CU students join in DNC activities downtown
Student groups on campus were hard at work this week using the Democratic National Convention to boost group numbers and strengthen their organization.
The DNC was held in Denver Aug. 25 through Aug. 28.
“What we’re trying to do now is use the convention as a way to recruit new volunteers,” said fifth year senior political science major Jesse Jensen, 22.
Jensen, who is currently president of the College Democrats at CU, said despite some work at the DNC this week, his group’s main focus right now is in Boulder.
“Any time spent in Denver would be wasted when we could be on campus doing volunteer recruitment and registering new voters,” said Jensen, adding that events at the DNC “are pulling people who are already volunteers” to participate individually.
Jensen says members of the College Democrats have allied with the Obama campaign and were involved in an Obama rally at the UMC fountain on Tuesday. Jensen also encouraged students to buy tickets for the simulcast of presidential candidate Barack Obama’s speech Thursday night at the Boulder Theater.
Other student groups were hard at work planning demonstrations in downtown Denver.
“Students for Peace and Justice is one of the primary organizations planning demonstrations with the Alliance for Real Democracy,” sociology doctoral candidate Duke Wayne Austin of Students for Peace and Justice said.
Visit the ARD Web siteto view a schedule of events for the entire duration of the DNC.
Kristen Pieper, campus organizer for the Colorado Student Public Interest Research Group, explained that her group is non-partisan and will not participate in the DNC.
CoPIRG registered voters and threw a party to watch Obama’s speech Thursday night.
“We might as well get together in some sort of communal space to watch the speech,” Pieper said.
Another group that is tied in a very different way to the DNC is called 180 Degree Shift at the 11th hour, also known as 180-11. Senior history major Sean Daly, 25, is a member of 180-11 and has been helping manning the group’s booth at the UMC and in Denver for much of the week.
“It’s just an informational activity, officially,” Daly said of the booth, which was covered with flyers about the DNC.
Daly said he and other protestors went all across the city of Denver on Sunday with police hot on their trail.
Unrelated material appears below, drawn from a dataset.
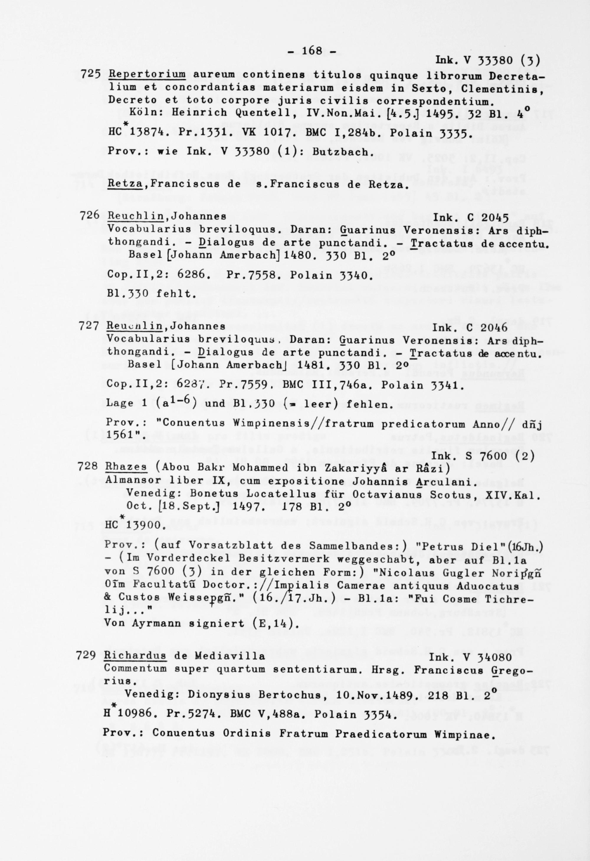 Venedig: Dionysius Bertochus, 10.Nov.1489. 218 Bl. 2° H*10986. Pr.5274. BMC V,488a. Polain 3354. Prov.: Conuentus Ordinis Fratrum Praedicatorum Wimpinae.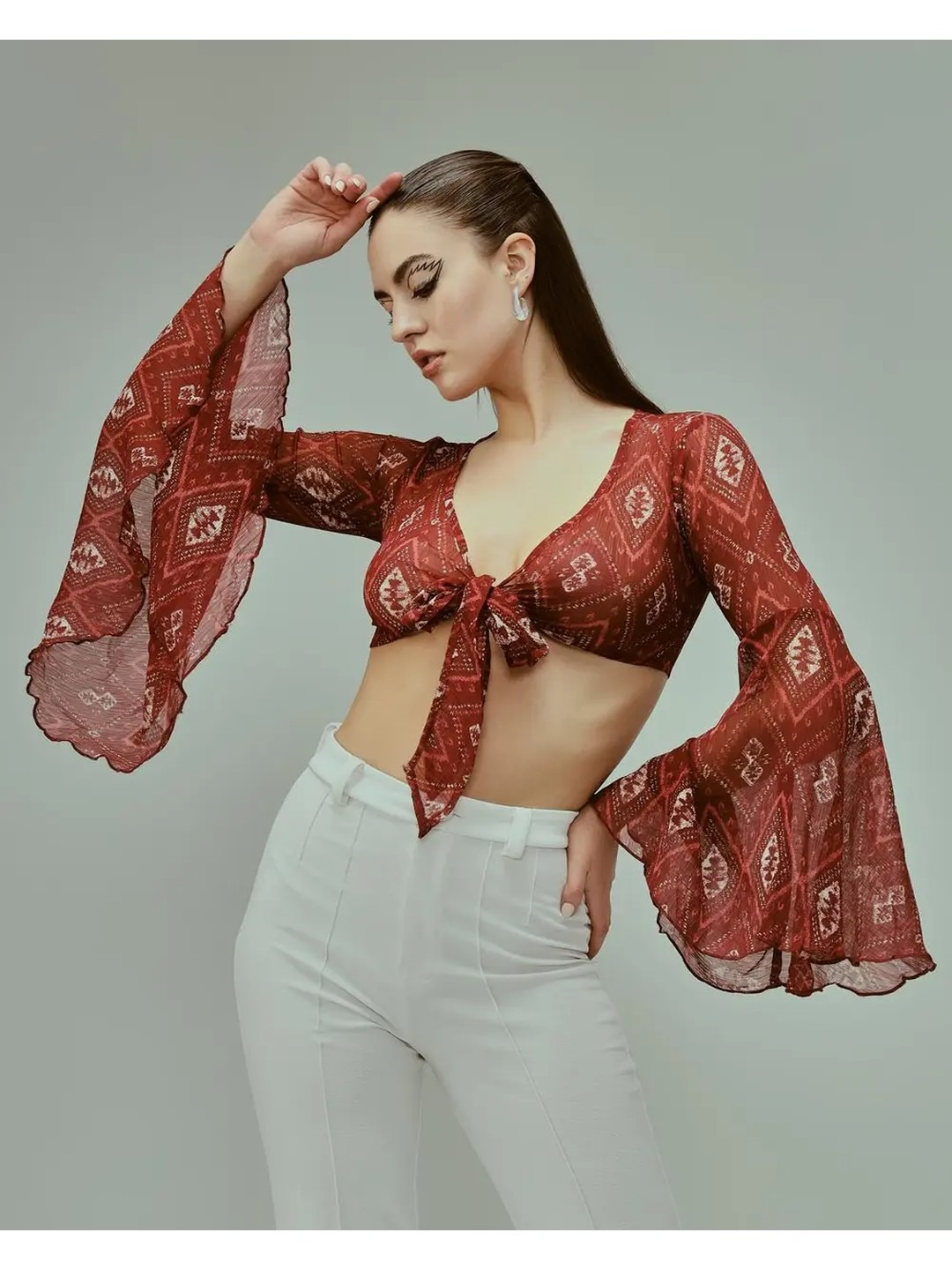 Brown Printed Tie-Up Bralette Top for Women that has intricate prints, long flare sleeves, tie-up detail and a bralette style. This polyester tie-up bralette top can be styled with solid bottoms and gold accessories for a flattering look.

He also said that one march held on Monday ended violently. Daly was among marchers moving toward Civic Center Park in Denver when police ordered the crowd to disperse.
Daly followed police orders; others did not.
“They assembled in Civic Center Park, and the police lined up and sprayed pepper spray into the front lines,” Daly said, adding that the marchers were surrounded and many were arrested.
Another member of 180-11, senior international affairs major Everardo Bonilla-cardenas, 23, also mentioned the ugly side of the DNC.
“I was there [Monday] evening when all the people got arrested,” Bonilla-cardenas said.
The DNC concluded Thursday night with Obama’s acceptance of the Democratic Party’s presidential nomination.